У книги, которую подарил ему Нимрод, были и другие необыкновенные свойства. Во-первых, Джон обнаружил, что углы страниц в ней не загибаются. Он по привычке пару раз попробовал, поскольку всегда так делал — вместо закладки, — но не тут-то было. Загнутые углы тут же распрямлялись обратно. Во-вторых, книга сама себя подсвечивала. Да-да! Наступил вечер, а Джон по-прежнему мог читать, не включая свет. Более того! Поэкспериментировав, Джон убедился, что читать можно и в полной темноте: накрывшись с головой пледом и без фонарика!

Поразился Джон и скорости, с которой он переворачивал гладкие, как шелк, страницы. Раньше он никогда не читал таких толстых книг, да еще с таким удовольствием и так быстро. Глаза его точно летали по строкам, и страница, на которую прежде у него ушло бы две-три минуты, теперь читалась в десять раз быстрее. В итоге огромная книга в тысячу страниц оказалась прочитана меньше чем за шесть часов. Когда Джон перевернул последнюю страницу, его так и распирало от гордости, поэтому он бросился в комнату Филиппы — похвастаться своим достижением. Как выяснилось, сестра тоже прочитала книгу от корки до корки, причем закончила на час раньше.

— Что-то тут неладно! — нахмурился он, пытаясь скрыть разочарование.

Филиппа, любившая и умевшая читать куда лучше своего брата-близнеца, рассмеялась:

— Ну еще бы! Ты провел целый день в обнимку с книгой!

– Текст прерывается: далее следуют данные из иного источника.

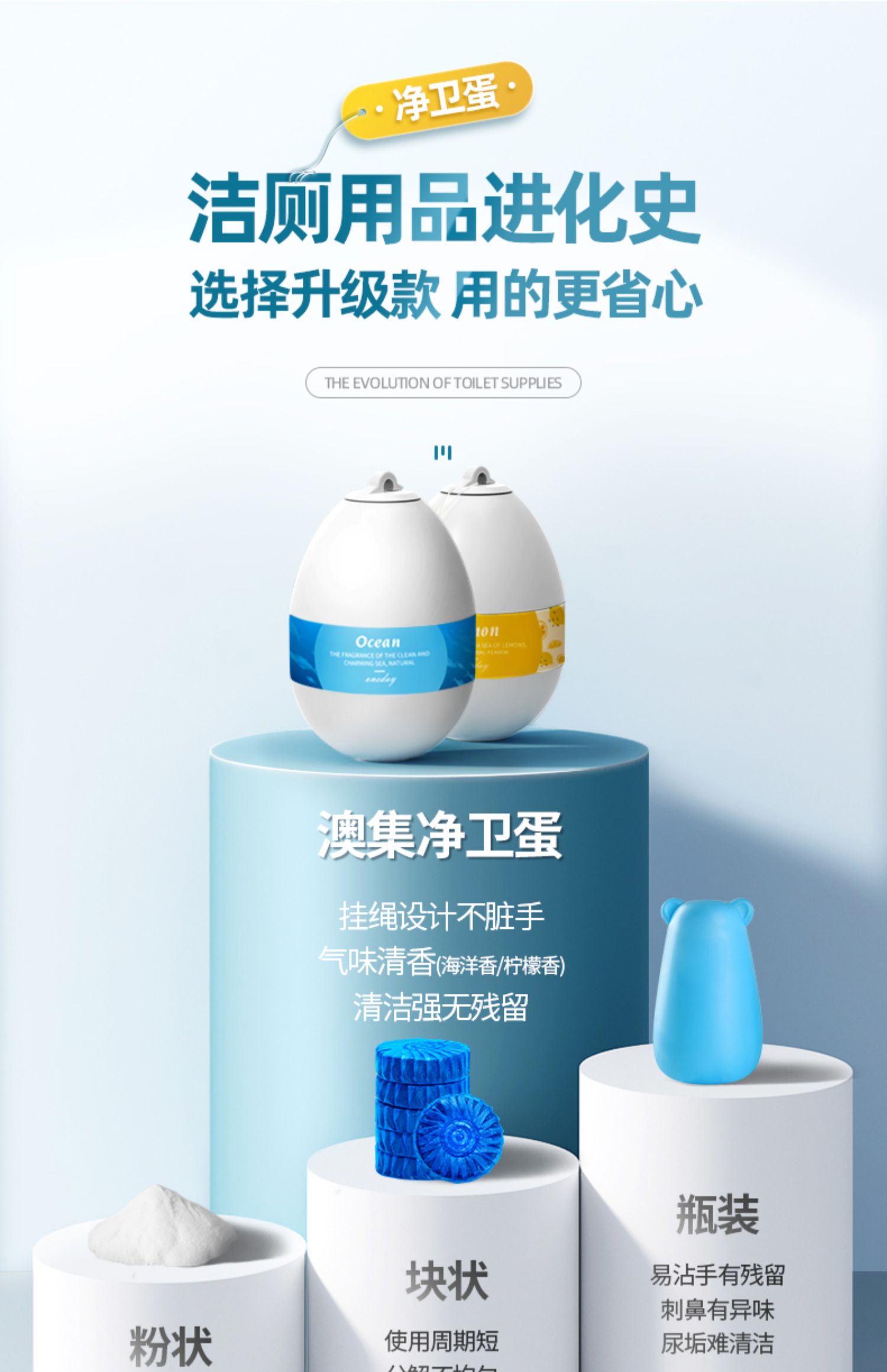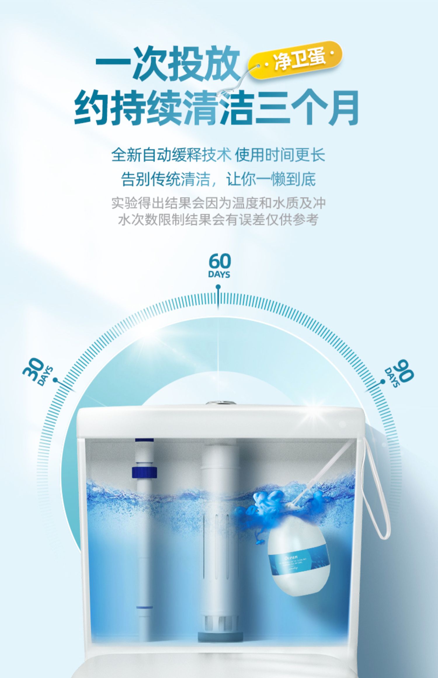 【升级款可用3个月】澳集马桶清洁净卫蛋,一瓶相当于40粒老款蓝泡泡,可以将近用三个月,强效去除尿渍污垢,还能预防细菌滋生,自带除臭的成分,平时出水顺便清洁马桶,用完还可以直接拎出来!

Хотя погоди, помню! В прошлое Рождество ты тоже читал целый день, потому что папа пообещал тебе пятьдесят долларов, если ты одолеешь «Зов предков» Джека Лондона.

— Да, я получил пятьдесят долларов, причем отработал каждый цент. Скучнее книги я еще никогда не видел. Но с этими сказками правда что-то не так. И ты прекрасно знаешь, о чем я говорю.

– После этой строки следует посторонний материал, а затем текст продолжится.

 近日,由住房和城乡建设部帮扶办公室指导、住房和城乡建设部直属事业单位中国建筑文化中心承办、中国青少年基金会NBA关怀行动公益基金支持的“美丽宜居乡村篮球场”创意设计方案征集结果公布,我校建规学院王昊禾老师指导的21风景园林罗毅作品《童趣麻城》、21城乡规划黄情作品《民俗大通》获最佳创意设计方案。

— Я знаю даже больше. И даже ждала, чтобы ты пришел, потому что хочу провести эксперимент при свидетелях.

— Какой эксперимент?

— Вот какой! — Она взяла свой экземпляр книги и со всего размаху бросила в горящий камин.

— Эй, ты чего? Сбрендила?

— Я тоже сначала решила, что сбрендила, — кивнула Филиппа и торжествующе указала на том, преспокойненько лежавший в языках пламени. — Странная книжка, правда?

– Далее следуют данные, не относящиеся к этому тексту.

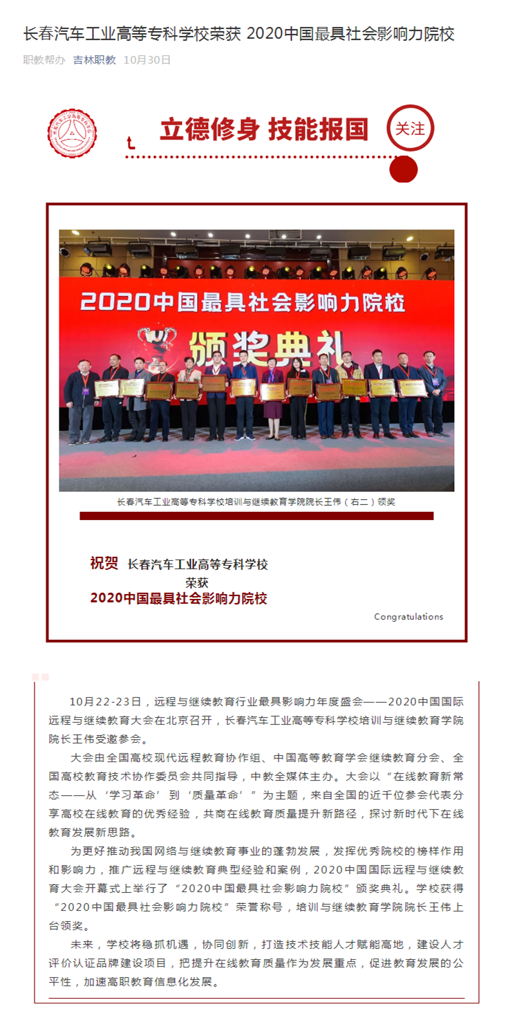 吉林职教——长春汽车工业高等专科学校荣获2020中国最具社会影响力院校

Несколько минут они глядели на упорно не желавшую загораться книгу. Наконец Джон схватил щипцы для углей, вытащил ее из огня, положил на железный лист перед камином и, чуть выждав, осторожно потрогал.

— Совершенно не обгорела! Ни единого следа! — Он продолжал внимательно оглядывать страницы. — Даже не нагрелась! Потрогай!

Филиппа положила ладонь на страницу, которая показалась ей даже прохладной.

— Интересно, из чего она сделана?

— Может, спросим у Нимрода?

Спускаясь по лестнице, они, к своему удивлению, встретили высокого тощего человека с седой бородой, в белом тюрбане и белом восточном халате. Он поднимался им навстречу и был какой-то странный — у близнецов даже мурашки по спине побежали. Незнакомец же, увидев детей, сложил ладони вместе, склонил голову и безмолвно прошел мимо. Этажом выше он подошел к ровно-серебристой стене, в которой вдруг распахнулась дверь, хотя только что там ни на какую дверь не было и намека. В следующее мгновение человек исчез как не бывало.

— Кто это, как ты думаешь? — Голос Джона нервно дрогнул.

— Расслабься, — сказала Филиппа. — Наверно, какой-нибудь приятель Нимрода. Он ведь нам даже улыбнулся, правда?

— А тебе не кажется странным, что первый человек, которого мы встречаем после того как прочли «Тысячу и одну ночь», выглядит в точности как персонаж из книги. Как настоящий джинн.

— Джинн? Но почему ты так решил? — Филиппа засмеялась. — Из бутылки он вроде не выскочил… поднимался себе по лестнице…

— А тюрбан на голове?

— Ну знаешь, в наше время каждый носит, что ему вздумается. И тюрбан вовсе не значит, что это колдун или волшебник. — Филиппа пожала плечами. — Впрочем, может, ты и упустил свой шанс. Надо было потребовать, чтобы он выполнил три желания.

— Ладно, допустим, он не джинн. Но все равно пора поговорить с Нимродом начистоту.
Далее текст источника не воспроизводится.